Nürnberg-Fürth - Ein 50 Jahre alter Mann hat seine jüngere Ehefrau mit einem Hammer erschlagen, weil er sich von ihr und ihrer Schwester ausgenutzt fühlte. Die beiden Frauen hätten ihn in den finanziellen Ruin getrieben, sagte der hoch verschuldete Landschaftsgärtner am Donnerstag vor dem Landgericht Nürnberg-Fürth, wo er ein umfassendes Geständnis ablegte.

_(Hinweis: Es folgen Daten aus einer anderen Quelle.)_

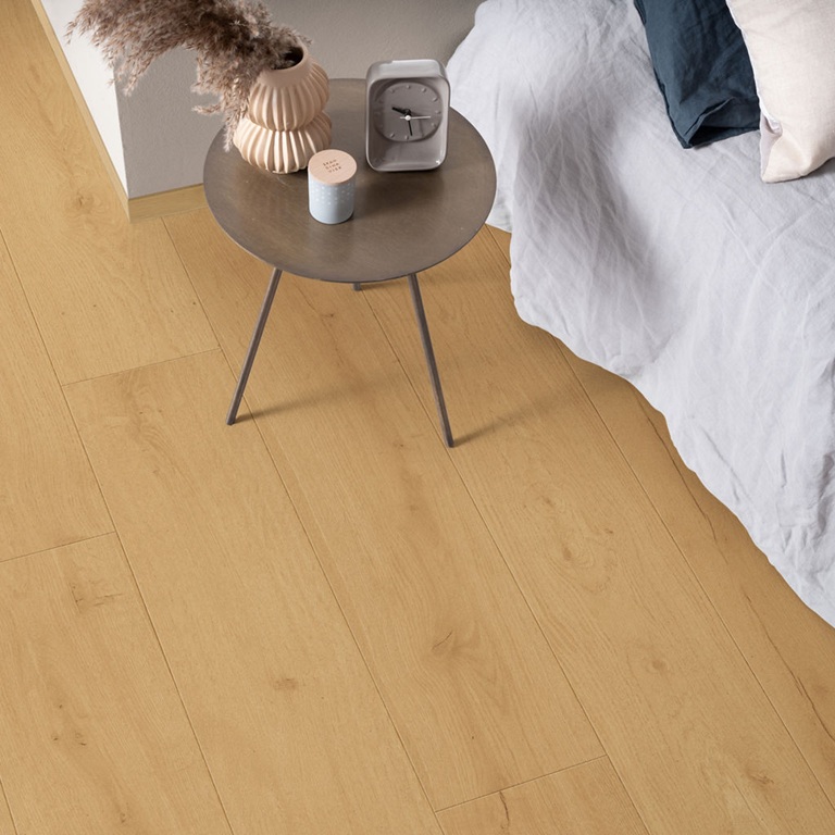 Smokewood Oak är ett laminatgolv som kombinerar den lätt rustika, väderbitna charmen hos drivved med en sofistikerad finish. De medelbruna ektonerna, med en aning röda undertoner ger ett modernt men ändå tidlöst uttryck. Golvet har distinkta träådringar och kvistar, men ger ändå ett lugnt intryck i alla rum. Visby är ett Sensation-golv, vilket innebär att det har extra autentisk struktur och en sofistikerad matt yta. Det patenterade skyddslagret TitanX™ ger golvet hög motståndskraft mot repor och slitage och tack vare AquaSafe-tekniken är golvet vattentätt och bekymmersfritt. Visby är snabbt och enkelt att installera med PerfectFold™ klicksystem.
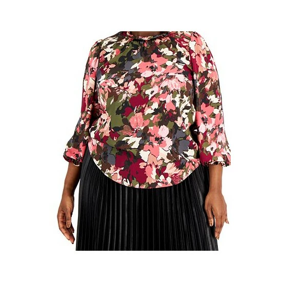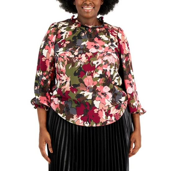 Delicate ruffled trim pairs with a vibrant print for instant polish and style with this plus size blouse from Anne Klein.
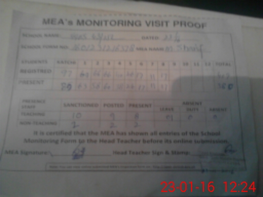 | Attendance Register | Head Teacher | MEA with School | Visit Proof |
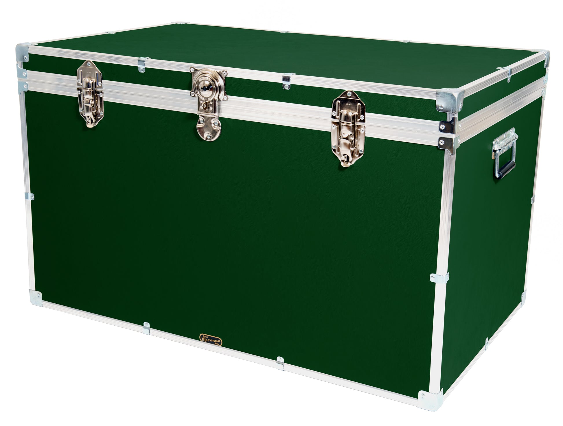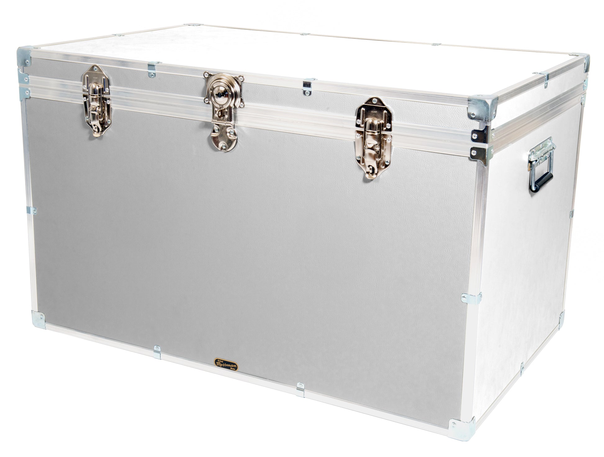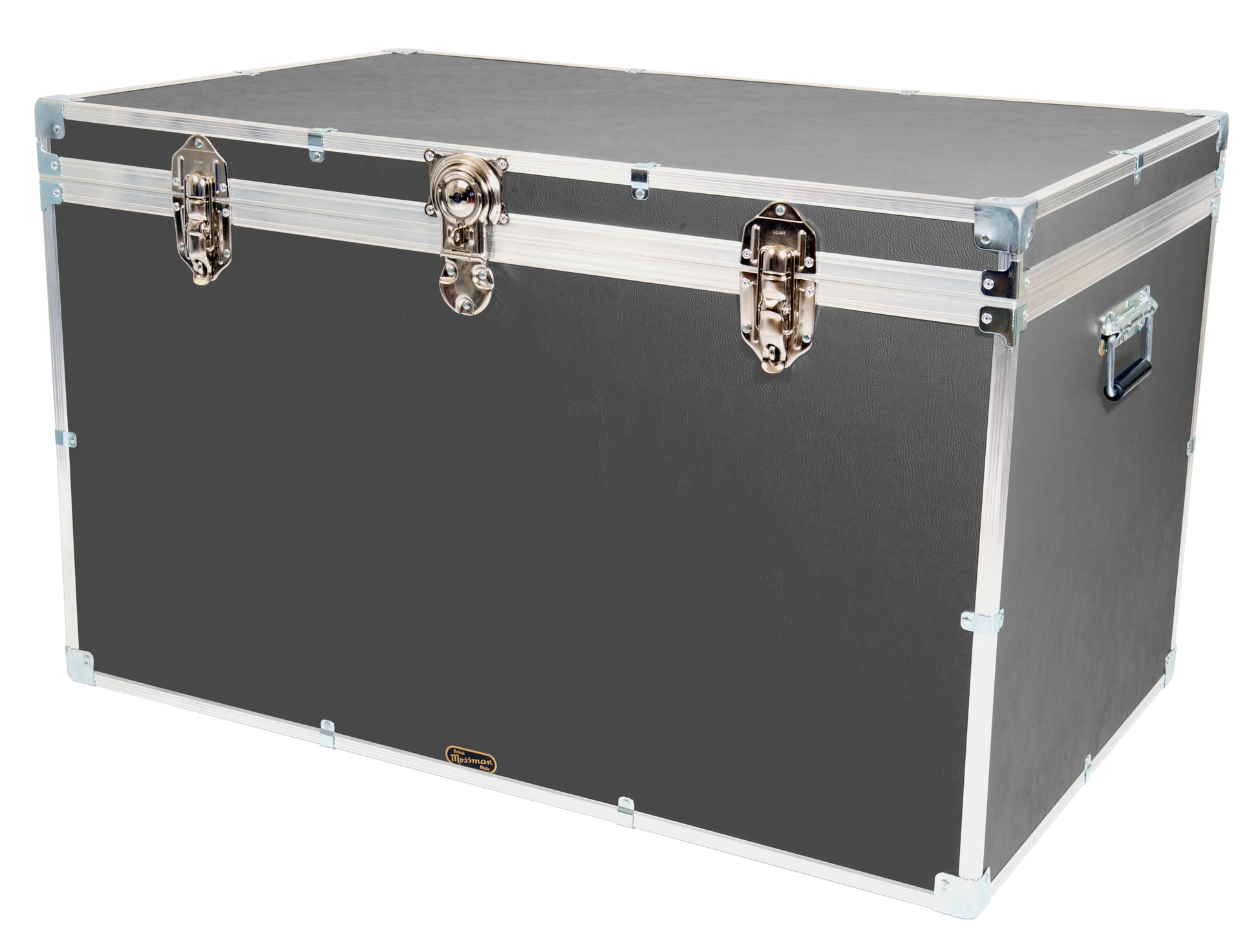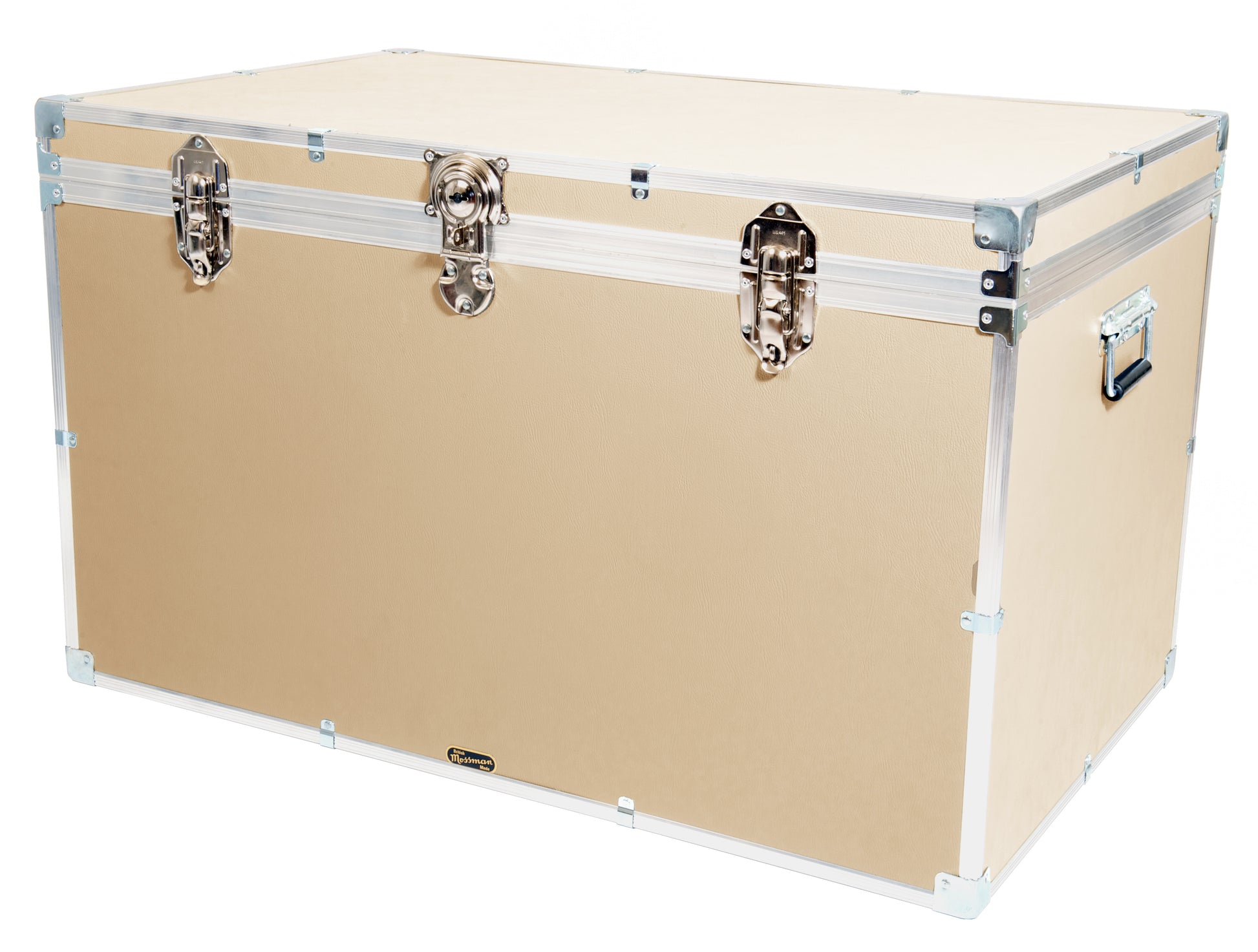 With a central cabin lock, hinged stay lid, rubber grip sprung carry handles to each end, two padlockable catches and a paper lined interior. The timber frame of our industrial tuck boxes and trunks are pinned and glued together before the aluminium edging is added to make them the strongest they can be. Mossman Trunks is the number one choice in boarding school Tuck Boxes, luggage chests and storage trunk solutions.

Dem Verbrechen im bayerischen Röthenbach vor rund einem Jahr sei ein Streit über einen 80 Euro teuren Hosenanzug vorausgegangen, den sich seine Frau bei einem Versandhaus bestellt hatte. Der Mann habe an die 30-Jährige appelliert, „finanziell etwas langsamer zu tun“, bevor er später beschlossen habe, sie umzubringen. Vor der Ehe mit der Frau hatte der Mann bereits eine Beziehung mit deren Schwester. Die beiden hätten ihn immer wieder um Geld gebeten - teils auch zur Unterstützung ihrer in Bulgarien lebenden Familie. Am Ende habe er rund 120 000 Schulden gehabt und seine Miete nicht mehr zahlen können.